De voorzieningenrechter heeft daartoe, samengevat, het volgende overwogen.

Artikel 17 EVRM staat eraan in de weg dat uitingen waarin de Holocaust wordt ontkend, betwist, geminimaliseerd of vergoelijkt, onder de bescherming van de vrijheid van meningsuiting vallen. De uitingen van Baudet zijn niet gericht op de Holocaust als zodanig. Er is om die reden geen directe bagatellisering of minimalisering van de Holocaust. De verklaringen vallen daarom in beginsel onder de bescherming van de vrijheid van meningsuiting. Baudet maakt in zijn kritiek op de huidige maatschappelijke situatie niettemin een vergelijking met de Holocaust. Ook al heeft Baudet dit misschien niet zo bedoeld, de berichten komen wel over als een rechtstreekse vergelijking met de verschrikkingen van de Holocaust en niet (alleen) de opmaat daarvan, in het bijzonder door het gebruik van de foto van het kind in het getto Łódź en het noemen van concentratiekamp Buchenwald .

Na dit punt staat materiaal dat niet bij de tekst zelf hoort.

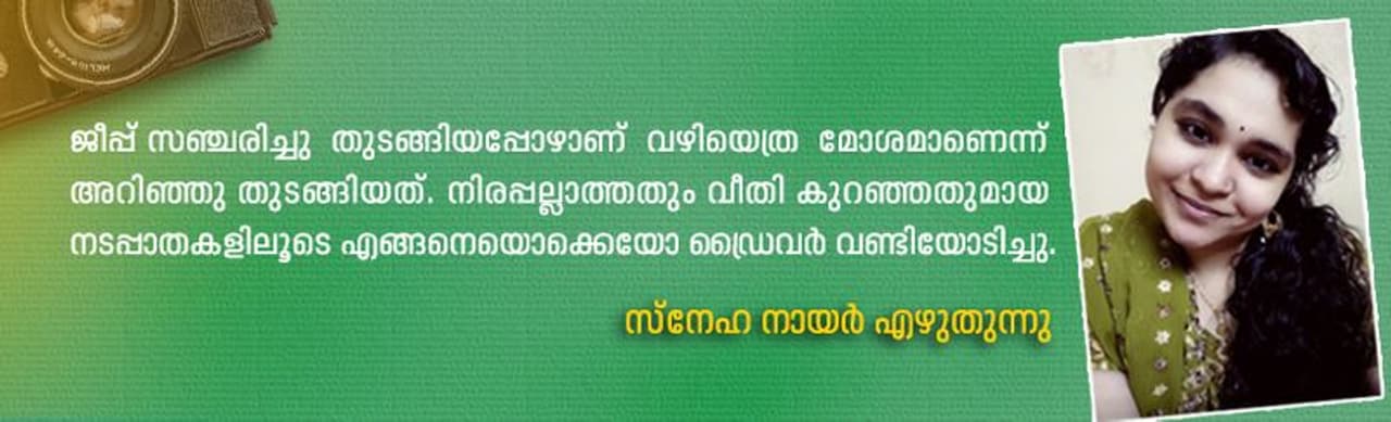 ജീപ്പ് സഞ്ചരിച്ചു തുടങ്ങിയപ്പോഴാണ് വഴിയെത്ര മോശമാണെന്ന് അറിഞ്ഞു തുടങ്ങിയത്. നിരപ്പല്ലാത്തതും വീതി കുറഞ്ഞതുമായ നടപ്പാതകളിലൂടെ എങ്ങനെയൊക്കെയോ ഡ്രൈവര് വണ്ടിയോടിച്ചു. ബിനു മുന്സീറ്റിലിരുന്ന് അയാളെ കളിയാക്കുകയായിരുന്നു. അയാള്ക്ക് മലയാളം അറിയില്ലല്ലോയെന്ന ധാര്ഷ്ട്യത്തില് ഞാനും വിസ്മയയും അയാളെ കളിയാക്കിക്കൊന്നു. 'നിമ്മ ഹെസരെനൂ...?' ആകെ അറിയാവുന്ന കന്നടയെടുത്ത് കാച്ചി ഞാനവിടെ ആളു കളിച്ചു.

Bij de beoordeling van de vordering moet een afweging worden gemaakt tussen twee fundamentele rechten die tegenover elkaar staan: het recht van het CIDI c.s. op bescherming van identiteit en privéleven en het recht van Baudet op vrijheid van meningsuiting. Er bestaat geen rangorde tussen deze twee rechten. Het antwoord op de vraag welk van deze beide rechten in dit geval zwaarder weegt, hangt af van alle omstandigheden van het geval, waaronder ook de vraag in hoeverre de uitlatingen feitelijk juist zijn.

Uitgangspunt is dat het recht op vrijheid van meningsuiting ook uitingen beschermt die mogelijk bepaalde groepen in de samenleving beledigen, choqueren of storen. Kritiek op de uitoefening van de overheidsbevoegdheden in het kader van het bestrijden van het coronavirus verdient een hoge mate van bescherming. Dit geldt des te meer wanneer die kritiek afkomstig is van een gekozen volksvertegenwoordiger.

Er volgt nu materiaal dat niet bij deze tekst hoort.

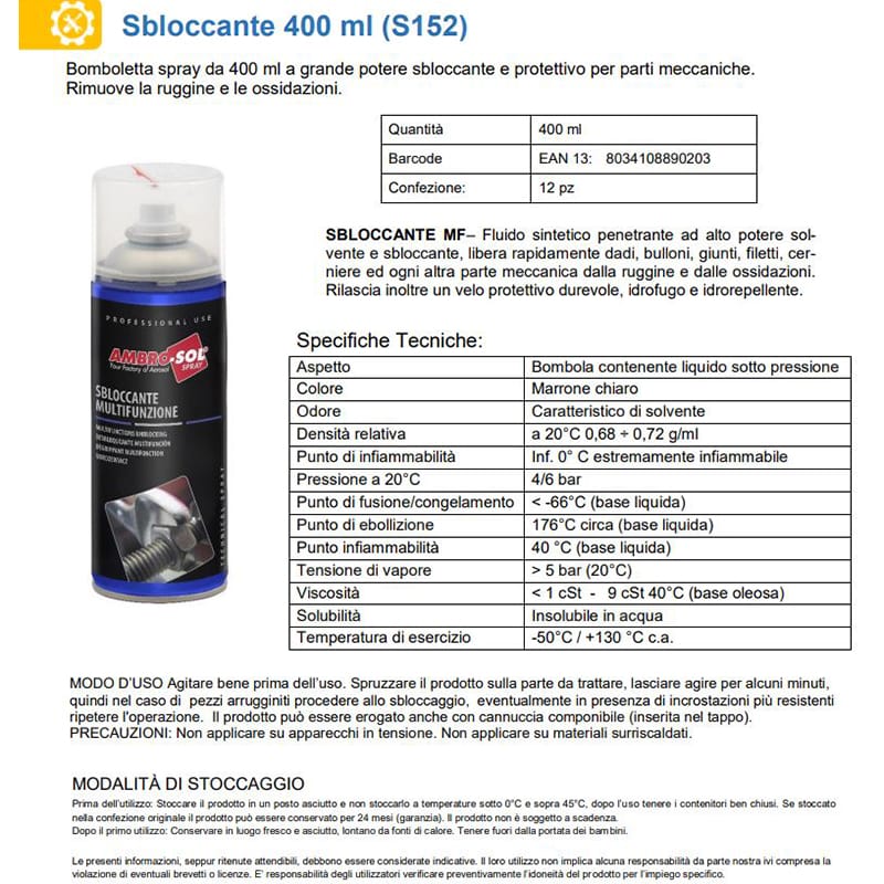 Sbloccante multifunzione lubrificante in bomboletta spray da 400ml

Lid 2 van artikel 10 EVRM verbindt aan de uitoefening van die vrijheid ook plichten en verantwoordelijkheden. Daaronder valt de verplichting om uitingen die verder gaan dan wat een robuust publiek debat vereist zoveel mogelijk te vermijden.

Als gevolg van de wanverhouding tussen het lot van een ongevaccineerde burger in de huidige maatschappij – dat in de berichten van Baudet gelijk wordt gesteld aan het lot van een Jood in de jaren ’30-’40 – wordt het onrecht en leed dat door de Holocaust is veroorzaakt bij implicatie gebagatelliseerd.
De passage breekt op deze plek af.